== Segment start ==

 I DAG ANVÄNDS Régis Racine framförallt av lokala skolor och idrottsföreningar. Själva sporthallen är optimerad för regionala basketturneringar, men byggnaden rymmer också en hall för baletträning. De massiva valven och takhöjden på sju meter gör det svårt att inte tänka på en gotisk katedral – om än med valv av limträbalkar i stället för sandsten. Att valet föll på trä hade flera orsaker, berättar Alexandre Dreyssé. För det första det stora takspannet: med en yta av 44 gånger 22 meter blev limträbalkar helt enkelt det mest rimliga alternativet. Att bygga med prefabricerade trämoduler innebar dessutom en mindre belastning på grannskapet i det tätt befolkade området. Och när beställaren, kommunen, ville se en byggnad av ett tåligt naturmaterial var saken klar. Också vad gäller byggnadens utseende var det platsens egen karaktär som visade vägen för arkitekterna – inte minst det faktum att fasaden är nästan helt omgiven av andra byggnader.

== Segment end ==
== Segment start ==

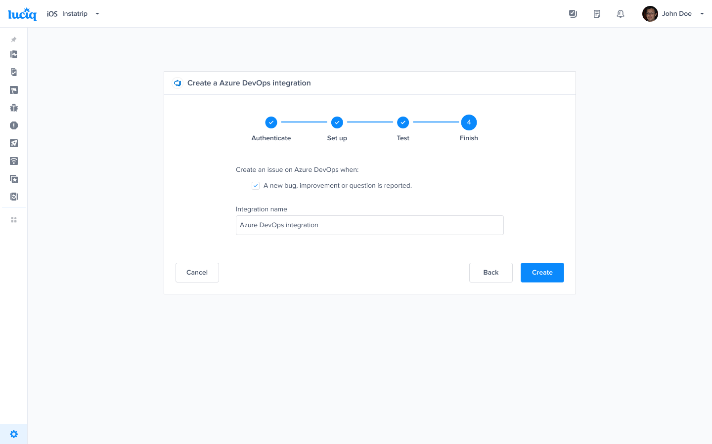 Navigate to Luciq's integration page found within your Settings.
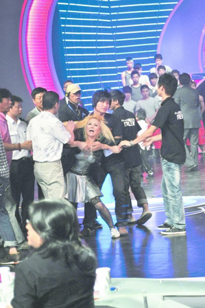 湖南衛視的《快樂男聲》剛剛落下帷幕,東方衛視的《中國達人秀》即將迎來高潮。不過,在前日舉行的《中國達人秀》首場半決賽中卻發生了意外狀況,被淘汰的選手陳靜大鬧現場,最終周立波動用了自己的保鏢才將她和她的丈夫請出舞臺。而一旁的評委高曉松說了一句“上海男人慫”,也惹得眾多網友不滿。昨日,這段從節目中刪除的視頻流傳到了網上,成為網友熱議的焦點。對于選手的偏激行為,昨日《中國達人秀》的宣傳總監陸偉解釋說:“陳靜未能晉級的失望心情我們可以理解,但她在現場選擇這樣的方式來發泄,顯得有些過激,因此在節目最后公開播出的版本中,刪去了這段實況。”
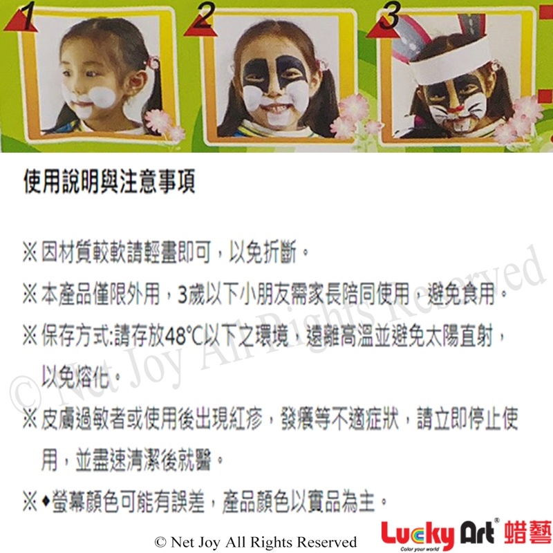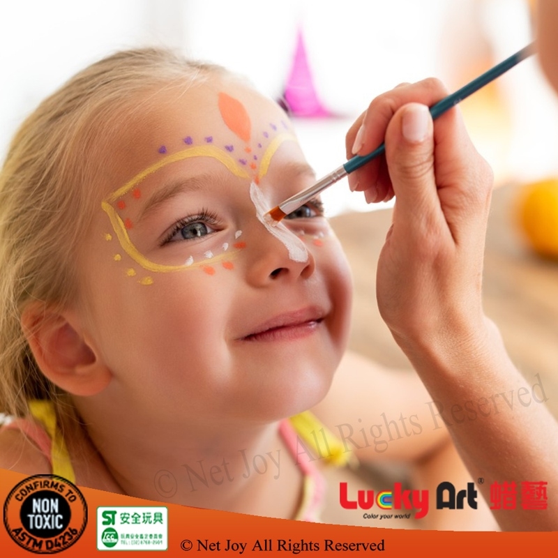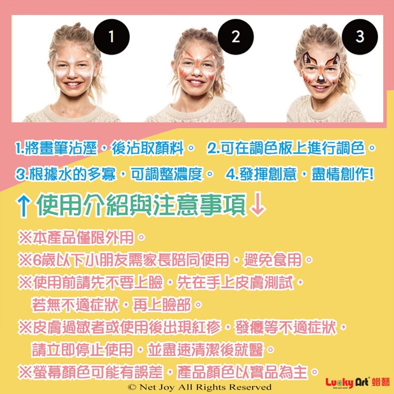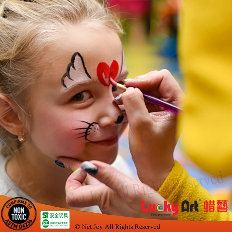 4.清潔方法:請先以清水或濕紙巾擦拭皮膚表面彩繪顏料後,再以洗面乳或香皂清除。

== Segment end ==

### Action item
Taking the records above, print only and exactly the lines from the line with "Navigate to Luciq's" to the line with "4.清潔方法:請先以清水或濕紙巾擦拭皮膚表面彩繪顏料後,再以洗面乳或香皂清除。", both kept, and exclude pictures.

### Answer box
 Navigate to Luciq's integration page found within your Settings.
 湖南衛視的《快樂男聲》剛剛落下帷幕,東方衛視的《中國達人秀》即將迎來高潮。不過,在前日舉行的《中國達人秀》首場半決賽中卻發生了意外狀況,被淘汰的選手陳靜大鬧現場,最終周立波動用了自己的保鏢才將她和她的丈夫請出舞臺。而一旁的評委高曉松說了一句“上海男人慫”,也惹得眾多網友不滿。昨日,這段從節目中刪除的視頻流傳到了網上,成為網友熱議的焦點。對于選手的偏激行為,昨日《中國達人秀》的宣傳總監陸偉解釋說:“陳靜未能晉級的失望心情我們可以理解,但她在現場選擇這樣的方式來發泄,顯得有些過激,因此在節目最后公開播出的版本中,刪去了這段實況。”
 4.清潔方法:請先以清水或濕紙巾擦拭皮膚表面彩繪顏料後,再以洗面乳或香皂清除。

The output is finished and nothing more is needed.